**Required work:**
Please transcribe the listing that follows exactly; images are to be excluded.

——————

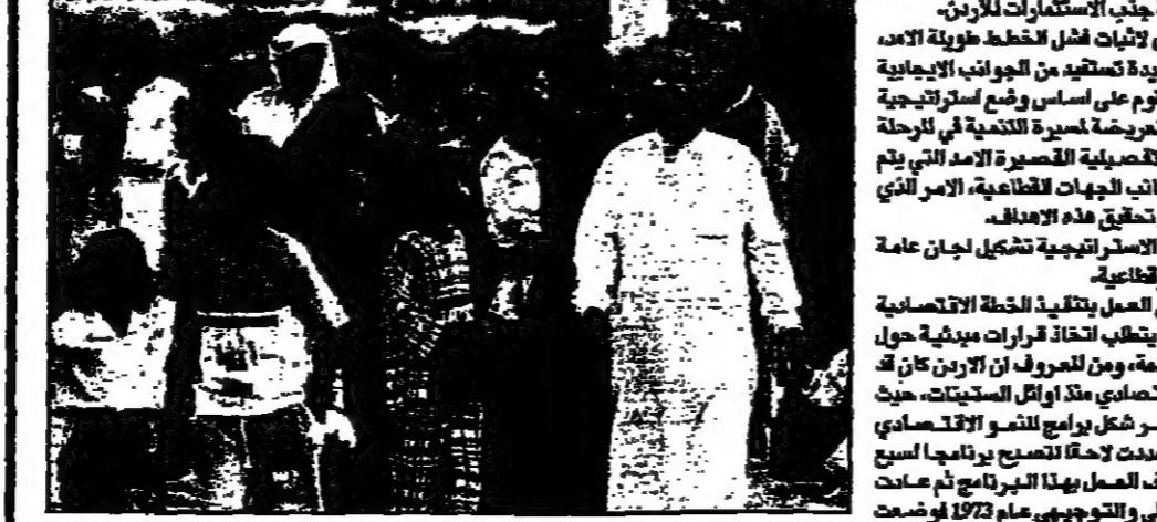
مباح خديجيين يزورون مدينة جرش الاردنية في الأردن
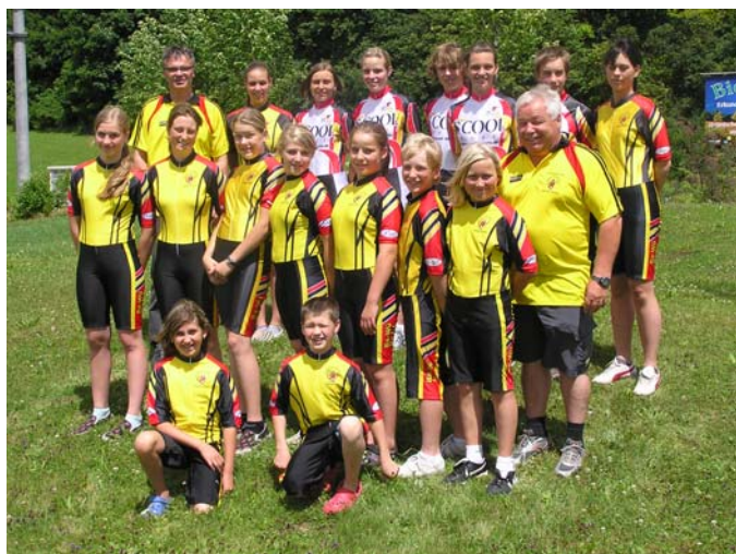
Sportler/Innen des Ba-Wü-Kaders und der Inline-Alpin-Nationalmannschaft

Ende 2008 – und dies gilt bereits für die neue Saison 2009 - konnten im Ba-Wü-Kader 17 Sportler/Innen und im neu gegründeten Förderkader 7 Sportler/Innen verzeichnet werden.
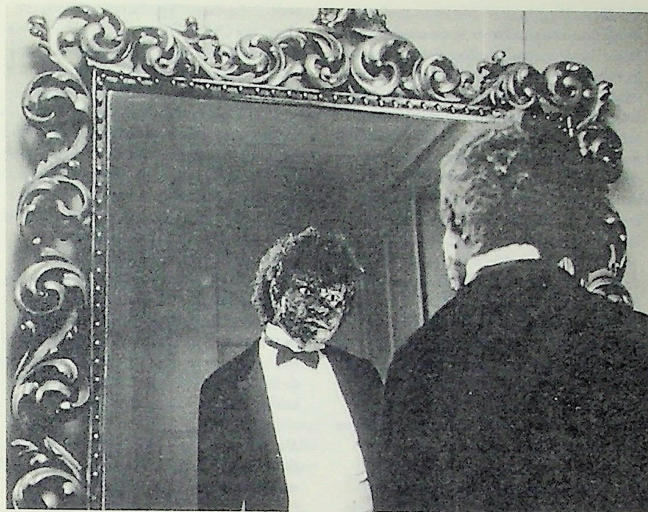
Yinka Shonibare: Dorian Gray, 12 delen, 2000

gens niet eens ben. Hegel is altijd pal blijven staan voor de mens als vrij wezen. Maar na lezing van het artikel van Buck-Morss kun je niet anders concluderen dan dat hij daar uiteindelijk de Europeaan mee op het oog had, en niet de Afrikaan.
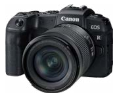
Camera y baterías extra
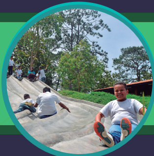
LA AMISTAD SAN FRANCISCO
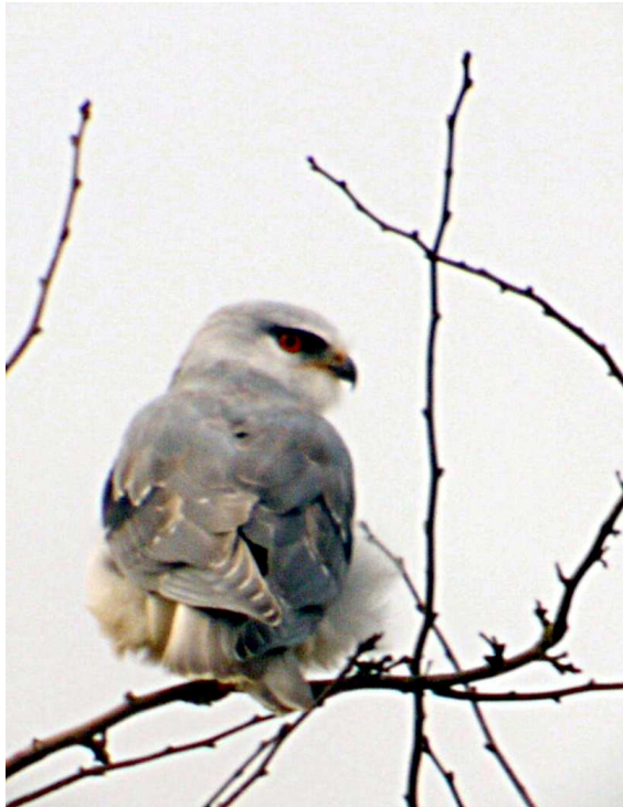
6. Elanion blanc, juvénile, Azé (Mayenne), 9 décembre, (B. Poincet)

il est probable que les oiseaux observés sur Bouessay et Beaumont Pied de Bœuf soient les mêmes, puisqu'à plusieurs reprises, les oiseaux observés sur un site n'étaient pas simultanément présents sur l'autre.
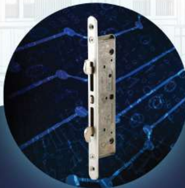
Top Security Lock Body
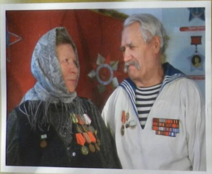
Какой бы мы красивой были парой
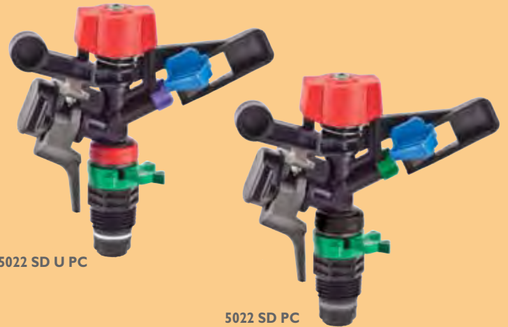
5022 SD U PC

ממטיר פלסטי גיזרתי ללחצים נמוכים SD מפזר חדשני, 1/2", 3/4", מיועד לעמדות השקייה ומערכת עמירית

——————

**Solution:**
مباح خديجيين يزورون مدينة جرش الاردنية في الأردن
Sportler/Innen des Ba-Wü-Kaders und der Inline-Alpin-Nationalmannschaft

Ende 2008 – und dies gilt bereits für die neue Saison 2009 - konnten im Ba-Wü-Kader 17 Sportler/Innen und im neu gegründeten Förderkader 7 Sportler/Innen verzeichnet werden.
Yinka Shonibare: Dorian Gray, 12 delen, 2000

gens niet eens ben. Hegel is altijd pal blijven staan voor de mens als vrij wezen. Maar na lezing van het artikel van Buck-Morss kun je niet anders concluderen dan dat hij daar uiteindelijk de Europeaan mee op het oog had, en niet de Afrikaan.
Camera y baterías extra
LA AMISTAD SAN FRANCISCO
6. Elanion blanc, juvénile, Azé (Mayenne), 9 décembre, (B. Poincet)

il est probable que les oiseaux observés sur Bouessay et Beaumont Pied de Bœuf soient les mêmes, puisqu'à plusieurs reprises, les oiseaux observés sur un site n'étaient pas simultanément présents sur l'autre.
Top Security Lock Body
Какой бы мы красивой были парой
5022 SD U PC

ממטיר פלסטי גיזרתי ללחצים נמוכים SD מפזר חדשני, 1/2", 3/4", מיועד לעמדות השקייה ומערכת עמירית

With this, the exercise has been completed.